They do get larger than ghosts, 2-3 inches. 
_Posted via Mobile Device_


----------



## manami

Looks like I'm going to order shrimps online in the future. I have no luck in the pet stores.

So...Is it OK to get 6 or 4 shrimps in a 5.5 gallon tank?

I have one betta, a nerite snail, and a very baby snail (don't know the species) that was hiding in a driftwood I bought two days ago.

I bought more plants this time. And when I start adding the driftwoods, I think i'm set!


----------



## Flint

You can have 6 cherries/ghosts but not amanos. No more than two amanos and even that would look crowded to me, they are big shrimp. If you post a photo of your baby snail we can identify it for you but I'll post some photos of common snails for you to see if it helps.


----------



## Flint

The long one is a Malaysian trumpet snail (MTS), the small one a pond snail and the large round one a ramshorn.


----------



## manami

I think I have the smallest one, the pond snail. I was hoping it was a nerite snail. :-?


----------



## tankman12

If you want to get rid of them. The best things are assassin snails. Cuz if there is one, there will most likely be more.

On the amano shrimp subject. I have 7 in my 5 gallon heavily planted. I know it is a lot. I got them for almost free, so i couldnt pass them. But you could do 3-4 easily in a 5.5 IME.
_Posted via Mobile Device_


----------



## manami

Ok. The driftwood is not inside the tank yet. I have to boil it. I just noticed the baby snail when I came home and thought it will be interesting to see it grow and discover what type of snail I got.


----------



## Tony2632

I have about 15 of them in my 37g tank. I will all ways say this, but Amano shrimp are the best hair algae eating shrimp I have ever owned. Females are more bigger then the males in size. They are extremely hard to breed compare to other shrimps. You need almost saltwater to breed these shrimp. All shrimps have a low bioload, so about 4 or 5 would do it. Fair warning, these shrimps do jump out the tank, get a lid or some sort from this happening. I lost about 3 of them, because I take a chance and keep a open top. I love Amano shrimp, they are extremely active little guys. I actually play with them on my fingers. They pretty much eat anything they can find. I feed mine cucumbers twice a week. I also feed them bloodworms when I'm feeding my other fish. Very friendly and harmless little shrimp, so I wouldn't worry. Here's a picture of mine eating cucumbers.


----------



## manami

That's so cool! But won't cucumbers damage or affect the water of the tank?


----------



## tankman12

It will only damage the water if you leave it in to long. 24 hours is the max time, or it will start to rot.
_Posted via Mobile Device_


----------



## manami

Oh, ok. That good to know!


----------



## manami

I have a question that's worrying me:

When I order my shrimps online, how can they survive without "bubble air" in their water bags?

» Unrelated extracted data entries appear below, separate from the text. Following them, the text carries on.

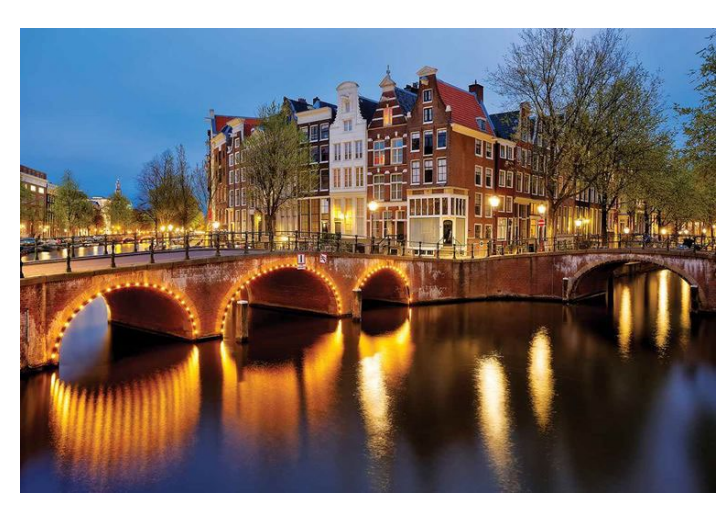
DAY 8 AMSTERDAM - DISEMBARKATION Bid Farewell to Amsterdam and prepare for your flight home. (B)

View Amsterdam on a scenic canal cruise followed by a walk to Begijnhof, known for its Middle Age buildings. Or taste the local flavor on a guided walk past the city's iconic canals, gabled houses, narrow bridges and house boats, tasting Dutch specialties at a grand Amsterdam cafe. (B,L,D)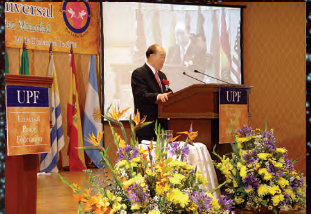
December 14: In Lima, Peru Father spoke until midnight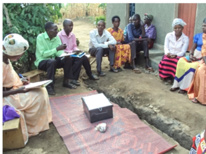
VSLA members during their meeting

I can't pay the fastest shipping (too much $ for just ordering shrimps!), so will they still be alive if they arrive 2 days late? I have never order live fish online before, so I don't know how this will works...


----------



## Flint

They are either packaged with kordon breather bags that let air in and out or a bag with oxygen in it. Both usually include a live plant to help with the water and give them something to grab onto.


----------



## manami

Ok, that's a relief! I was scared to receive dead shrimps if I didn't choose the fastest shipping!


----------



## Tree

Oh I am glad to hear this. I want cherry shrimp in my 5.5 gallon. I have one betta and one tiger nerite snail in there, but I still have a lot of algae in my tank. (only have the lights on for 8 hours) so was wondering if shrimps would be only in my 5.5 gallon. =)


----------



## RussellTheShihTzu

Do not float breather bags to acclimate the shrimp. Either plop and drop or drip acclimate. Whatever you do, add a drop of Prime to the bag as soon as you open it.


----------



## Tree

RussellTheShihTzu said:


> Do not float breather bags to acclimate the shrimp. Either plop and drop or drip acclimate. Whatever you do, add a drop of Prime to the bag as soon as you open it.

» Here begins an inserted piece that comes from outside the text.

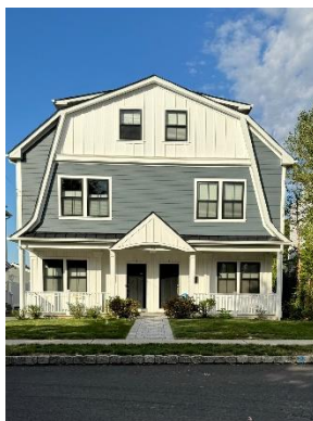
Figure 1: Semidetached homes shall be modeled as homes.

Typically used for a single building for one family unit. Examples include single-family homes or villas. Semi-detached (see Figure 1) and townhouses may also be considered under the Homes typology. They may be single unit buildings , or multiple units that are part of a development. The homes typology certification considers all amenities dedicated to the home unit; i.e. common amenities are not included. Homes typology will have one EDGE certificate issued per unit.

why's that? are they more fragile than fish?


----------



## manami

"plop and drop or drip acclimate"? do you mean like using a dropper to drop your own water from your tank inside the bag they come in with?

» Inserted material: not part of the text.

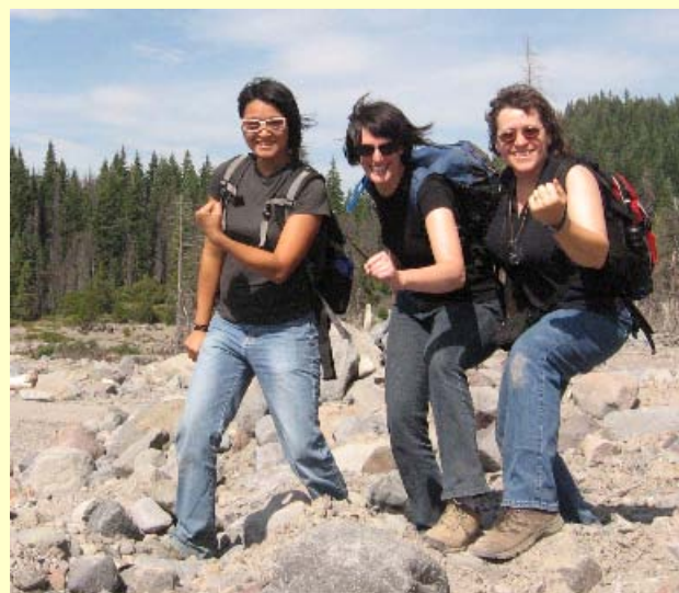
Out, Standing in the Debris Field

And why add a drop of Prime?


----------



## RussellTheShihTzu

Shrimp are extremely fragile; they need specific parameters and conditions to thrive; even .25 ppm Ammonia can kill them. And the stress of living in such close proximity to a predator certainly can.

Can you keep shrimp with Bettas in such a small tank? Of course. "Should" you? No. If you've ever seen an invert-only tank you'd understand why. 

In my invert-only tank all the shrimp and Crays are out and about 24/7 and only hide when they molt. They even come to the front of the tank when I lift the lid in anticipation of food and their colors are even more vibrant. The tank is much more enjoyable for them and for me. When I had them in the 20 long, despite its heavy planting, they spent more time hiding in the back cover. The difference in their behavior is amazing.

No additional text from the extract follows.